Hierin komen zowel de huidige situatie als de perioden voor, tijdens en na UNIFIL aan de orde. De vragenlijst werd verstuurd aan 3249 veteranen en militairen die tussen maart 1979 en november 1985 in Libanon dienden.
WIE DEDEN MEE AAN HET ONDERZOEK?
In totaal stuurden 1834 personen een ingevulde vragenlijst terug. Dit is ruim 56% van de benaderde groep UNIFIL’ers.
De grootste groep deelnemers, 1626 in totaal, is veteraan en in het bezit van een veteranenpas. Daarnaast deden 126 UNIFIL-veteranen zonder veteranenpas en 78 UNIFIL’ers die nu nog in actieve dienst zijn, mee aan het onderzoek.

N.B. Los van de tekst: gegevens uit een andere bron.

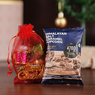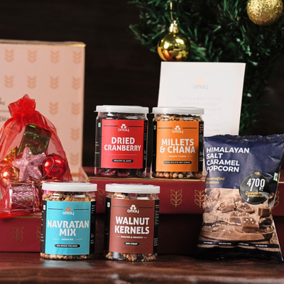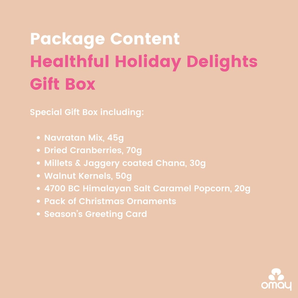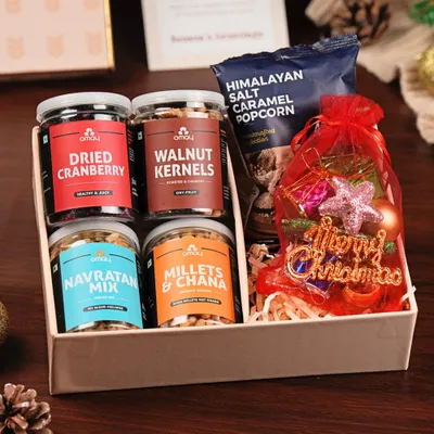 Inclusions: Navratan Mix, 45g; Dried Cranberries, 70g; Millets & Chana - Jaggery coated, 30g; Walnut Kernels, 50g; 4700 BC Himalayan Salt Caramel Popcorn, 20g; Pack of Christmas Ornaments; Season's Greeting Card.
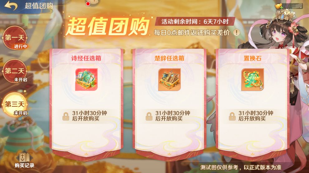 第三日参与团购的商品有:诗经任选箱、楚辞任选箱、置换石*5。
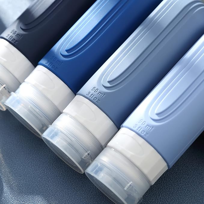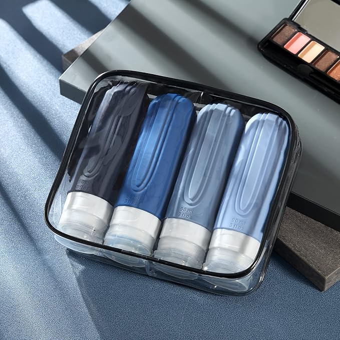 Travel Bottles for Toiletries, Tsa Approved 3oz Travel Size Containers BPA Free Leak Proof Refillable Liquid Silicone Squeezable Travel Accessories for Shampoo Conditioner Lotion (4 Pack)
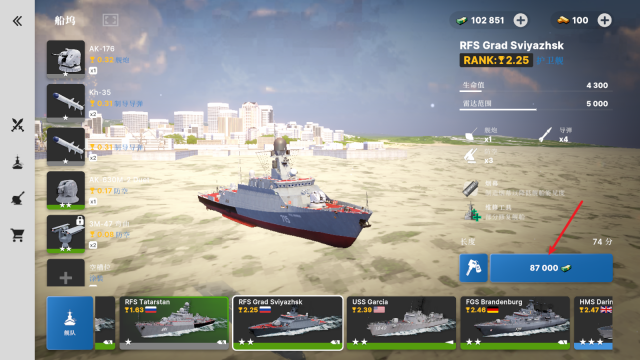 2、在这里可以挑选喜欢的战舰购买。
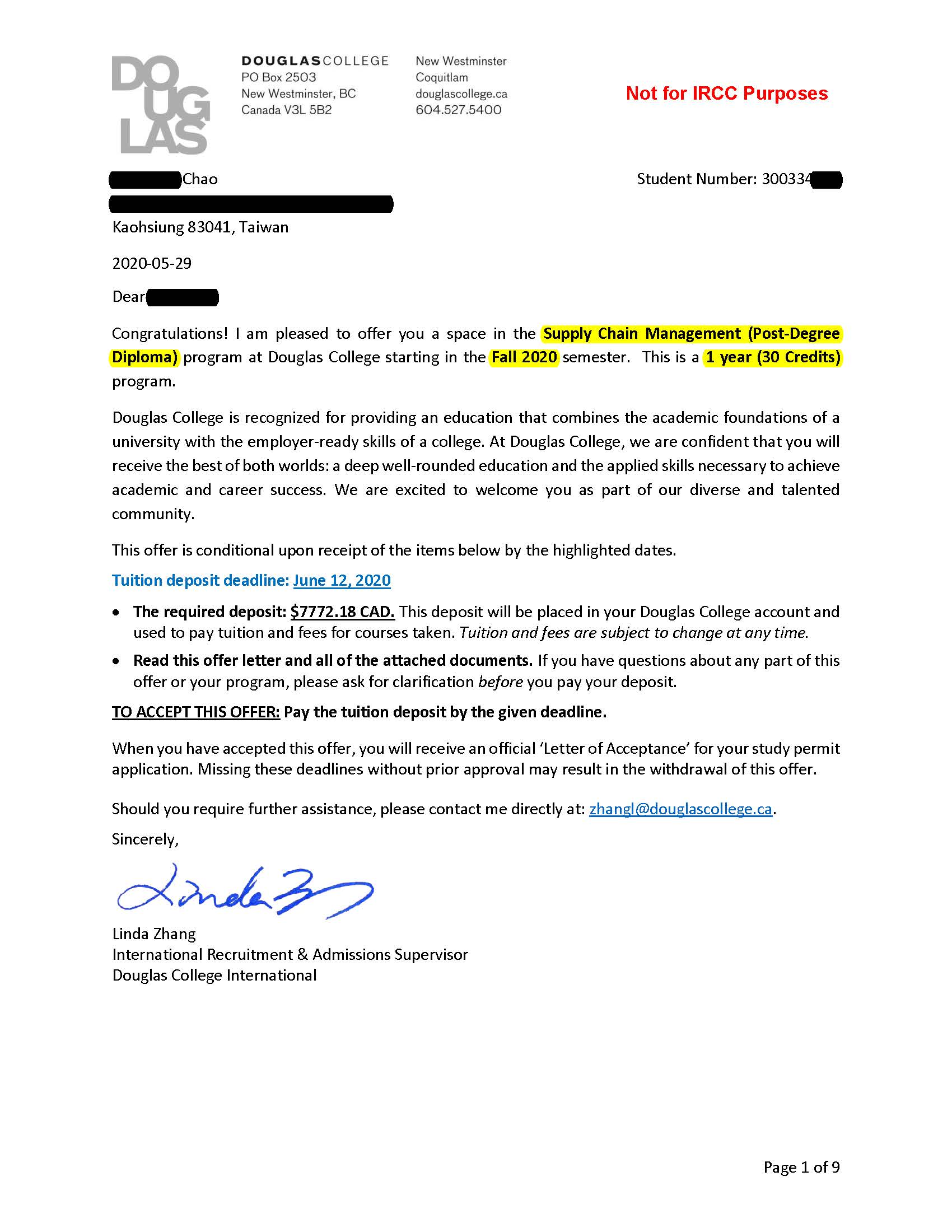 又來了,入學信又來了!恭喜我們趙同學,獲得加拿大西岸公立學院Douglas College一年供應鏈管理錄取通知。

Bijna alle 1834 deelnemers aan het UNIFIL-onderzoek zijn mannelijke veteranen en militairen. Zij zijn gemiddeld 47 jaar oud. De grote meerderheid is gehuwd, woont samen met een partner en eventuele kinderen en heeft betaald werk.
Van de deelnemers aan het UNIFIL-onderzoek was 68% dienstplichtig tijdens UNIFIL. Op dat moment had 70% een rang lager dan onderofficier. De meeste UNIFIL’ers waren op een buitenpost gelegerd. Een vijfde van de totale groep was gestationeerd op het hoofdkwartier van Dutchbatt te Haris. Ook verbleven UNIFIL’ers in Al Yatun, in huizen in of nabij Haris of in Naqoura waar het UNIFIL-hoofdkwartier zich bevond.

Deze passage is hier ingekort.